Kur’an’da “Allah’a (…) inanın” ifadesi
“Allah’a (…)
inanın (feâminû billâhi)” ifadesi, biri Mekki diğer üçü Medeni olmak
üzere toplam 4 ayette geçmektedir. Bu yazıda söz konusu ifadeler, içlerinde
bulundukları surelerin iniş sırasına göre ele alınacaktır.
Hz.
Peygamber’in Allah’ın birliğine yani doğru yola çağıran mesajı, tüm insanlara
yöneliktir:
“De ki: 'Ey insanlar! Ben, göklerin ve yerin mülkiyeti kendisine ait
olan, kendisinden başka ilah olmayan, öldüren ve dirilten Allah tarafından
sizin tümünüze gönderilmiş bir peygamberim. Allah'a ve O'nun, ‘Allah'a ve
sözlerine inanan, okuma yazma bilmeyen nebi peygamberine’ inanın ve ona uyun;
olur ki doğru yola erersiniz.” (el-Araf 7/158). Son risaletin ilk
muhataplarının Mekkeliler olması, ayetteki “Ey insanlar!” hitabından
kastedilenin onlarla sınırlı olmasını gerektirmez. Zaten risaletin ilk
yıllarında panayırların kurulduğu Mekke’ye ticaret için gelenlere de tebliği
yapılıyordu. Dolayısıyla İslam, Mekke döneminde yerel, Medine döneminde
evrensel bir söylem kullandı, denemez. Baştan beri mesajının muhatabı ulaştırılabildiği
herkes idi. Ayette, Hz. Peygamber’den, Allah’ın her şeyin sahibi olduğunu
ve kendisini de O’nun görevlendirdiğini söylemesi istenmektedir. Allah, her
şeyin sahibi olduğuna göre yarattıkları üzerinde yalnızca O’nun dediği olur.

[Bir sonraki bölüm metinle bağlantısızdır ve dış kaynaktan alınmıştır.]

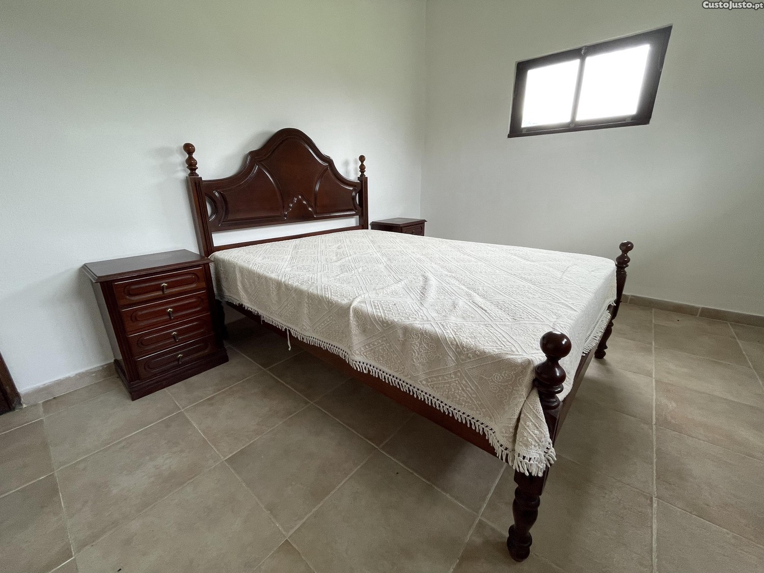 Vende-se conjunto de quarto completo em estilo antigo, composto por um roupeiro espaçoso, uma cama de casal com colchão incluído (dimensões da cama: 190x140 cm) e duas mesas de cabeceira. Mobiliário em madeira maciça, com detalhes clássicos e acabamento de época. Peças elegantes, resistentes e bem conservadas, ideais para quem aprecia móveis vintage ou pretende criar um ambiente tradicional.

O’nun dışındaki varlıkların yapıp etmeleri, Allah’ın belirlediği sınırları
aşamaz. Doğru yolu bulmak, can veren ve öldüren Allah’ın peygamberi
aracılığıyla ilettiği vahye uymakla mümkündür. Okuma yazma faaliyetlerinden
uzak bir insan olan Hz. Muhammed’in tebliğ ettiği vahyin, Allah’tan geldiği
konusunda şüphe yoktur. Ayette “inanın” denildikten sonra bir de “uyun” emrinin
belirtilmesi, İslam’daki inanç-eylem bütünlüğünü göstermektedir.
Allah’tan bela
istenmez, gelince de sabredilir. Bu sırada gerçekten iman etmeyenler
kendilerini ele verirler ve müminler bu sayede kendilerini “iyi gösteren”

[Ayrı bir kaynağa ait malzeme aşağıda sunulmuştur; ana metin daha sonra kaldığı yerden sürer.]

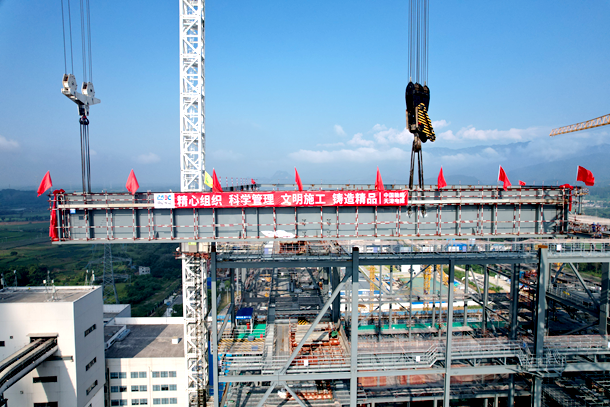 自二期项目动工的那一刻起,工地上便像是被按下了快进键,无数个日夜,无数双眼睛紧紧盯着工程进度,每一个预定的时间节点,都在众人的努力下不断被刷新。截至目前,项目的里程碑及三级网络计划执行率达到了令人惊叹的100%,在集团内同期项目中一马当先,提前完成锅炉大板梁验收、烟囱结构封顶等8个年度里程碑节点,主厂房结构到顶、#2煤场投运等刷新同类型火电机组建设纪录,烟囱筒壁、水塔人字柱等精细化质量管理亮点被集团质量管理中心推荐宣传,成为了众人眼中的标杆。

kişileri tanırlar. Bu, oldukça önemli bir kazançtır:
“Allah, müminleri şu bulunduğunuz durumda bırakacak değildir; pis olanı temiz
olandan ayıklayacaktır. Allah size gaybı bildirecek de değildir; ancak Allah
peygamberlerinden dilediğini seçer. Şu halde Allah'a ve peygamberlerine inanın.
Eğer iman eder ve kötülüklerden sakınırsanız sizin için büyük bir ödül vardır.”

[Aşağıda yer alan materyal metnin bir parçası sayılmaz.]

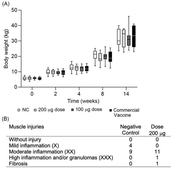During the immunization experiment in pigs, body weight, changes in animal behavior, fever, weight loss, diarrhea, and other clinical manifestations that could indicate an adverse reaction to the vaccine candidate were evaluated. A steady increase in animal weight was observed with no significant difference between experimental groups (Figure 8A). There were no behavioral changes, diarrhea, or variation in the consistency and color of feces, thus indicating that no L. intracellularis infection occurred during the experiment.

(Al-i İmran 3/179). Müminlerin, düşmanlarını tanımaları, gaybi bir yardımdır.
Bu yardım, Uhud örneğinde olduğu gibi zorluklara sabretmenin ödülüdür. Kimin
kalbinde nifak kimin de iman olduğu zor anlarda ortaya çıkar. Dünyevi anlamda
her şeyin yolunda olduğu anlarda “Müslümanmış gibi” görünenlerin tespiti
zordur. Allah kimin münafık olduğunun, sosyal olaylardaki tavırlara göre
tespit edilmesini dilemiştir.
Yahudiler, Hz.
İsa’nın babasız olmasını onu küçültmek niyetiyle kullanırken Hz. İsa’ya
inandığını söyleyen Hristiyanlar ise onu tanrılaştırmışlardır: “Ey Ehl-i Kitap! Dininizde taşkınlık etmeyin ve Allah hakkında
doğru olandan başkasını söylemeyin. Meryem oğlu İsa Mesih; Allah'ın peygamberi,
Meryem'e bıraktığı kelimesi ve O'ndan bir ruhtur. Artık Allah'a ve
peygamberlerine inanın. ‘(İlah) üçtür.' demeyin. Bu iddialarınızdan vazgeçin.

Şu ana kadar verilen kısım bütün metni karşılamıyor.